The co-evolutionary perspective as developed in EGT opens up planning theory for a series of relevant concepts from different disciplines, relevant for the analysis of current and potential forms of planning in a community, while conversely giving theories and practices of planning a firm place within governance. The chapter shows how a co-evolutionary perspective is a very useful lens for both analysis and change, for the development of new planning perspectives or for the deliberate circumvention of a current planning system.

Natural capital and the political economy of wetland governance in Alberta

The legitimacy of wetland decisions depends on how science and values are integrated and reflected in wetland management decisions. Natural capital and ecosystem services (ES) have become integral to how we think about ecosystem management however there is no consensus on how these concepts should be applied in management. Through the example of Alberta’s wetland policy, we show how policies designed to mainstream natural capital and ES in decision-making are aligned with liberal governance arrangements that emerged in the nineteenth century. There is a governance gap between individual wetland decisions and collective ecological outcomes. The Alberta wetland policy highlights three challenges to embracing the natural capital metaphor in a liberal government context: lack of consensus on policy objectives; case by case enforcement of policy leading to continued wetland drainage; and minimal consequences for non-compliance. The combination of norms about what is fair in terms of government intervention in land use decisions and scientific uncertainty about wetland ecosystem function makes it difficult to achieve consensus on limits to wetland loss contributing to continued loss of wetland ecological function. The discussion highlights the necessity of renewed political discourse about freedom, power, and justice in relation to collective economic and ecological security.

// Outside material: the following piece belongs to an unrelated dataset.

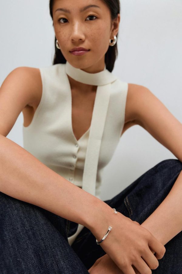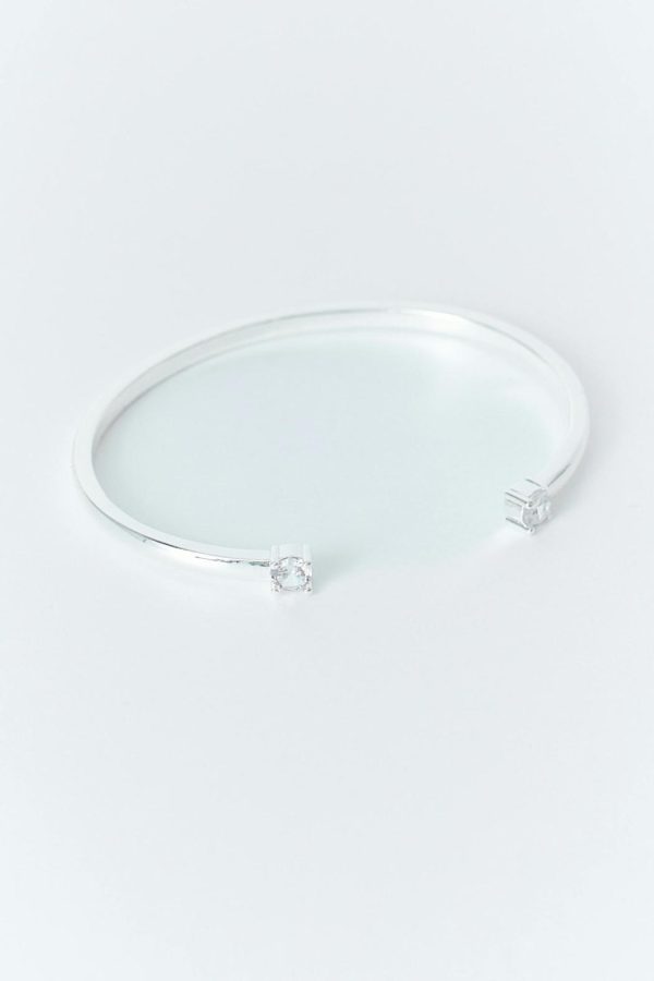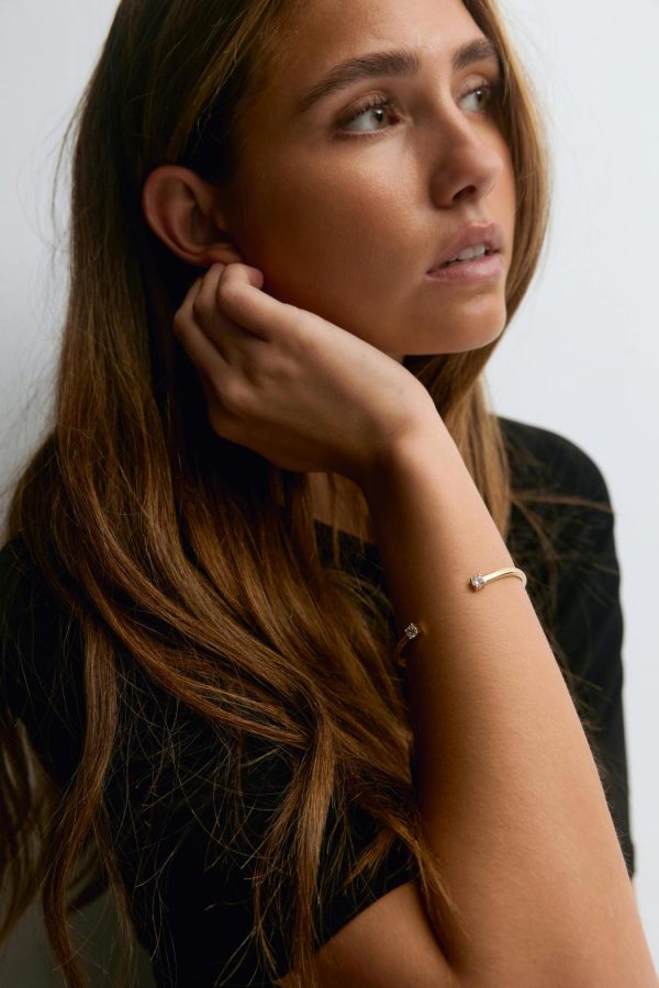 Smalt armband med små stenar vid ändarna. Armbandet är guldfärgat.
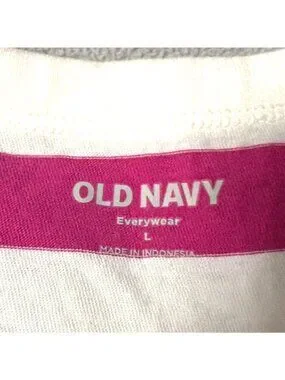 Old Navy Womens Pink & White T-Shirt Large Cotton Y2K Summer Casual Bold Relaxed

Weber, M., Krogman, M., Foote, L. & Rooney, R. (2017) Natural capital and the political economy of wetland governance in Alberta. Journal of Environmental Policy and Planning. Online first.

Small-scale fisheries within maritime spatial planning

The coasts hold great potential for ‘Blue Growth’, and major industrial and infrastructural developments are already happening there. Such growth, however, comes with risks to marine ecosystems and coastal communities. Competition for space and resources intensifies, turning the coast into an area of social and political conflict, including contestation about knowledge. This paper argues that there is a need for institutional innovation that allows knowledge integration and conflict resolution to be more interactive and synergistic. The paper critically analyses discourses and practices of interactive governance and co-management while visiting Foucault’s power/knowledge concept for investigating the normativity and effects of participation discourses and practices. This is followed by a discussion of multiple governance paths and their different combinations of resources and forms of expert and local social and ecological knowledge so as to see how they can help resolve conflicts, and enhance governability within maritime spatial planning (MSP) in a way that also serves to create a level playing field for all stakeholders. A particular focus will be on the small-scale fisheries sector, which is the lest powerful stakeholder and the most vulnerable to external pressures. Will MSP help to empower or further marginalize small-scale fishers and fisheries communities?

Jentoft, S. (2017). Small-scale fisheries within maritime spatial planning: knowledge integration and power. Journal of Environmental Policy & Planning, 1-13.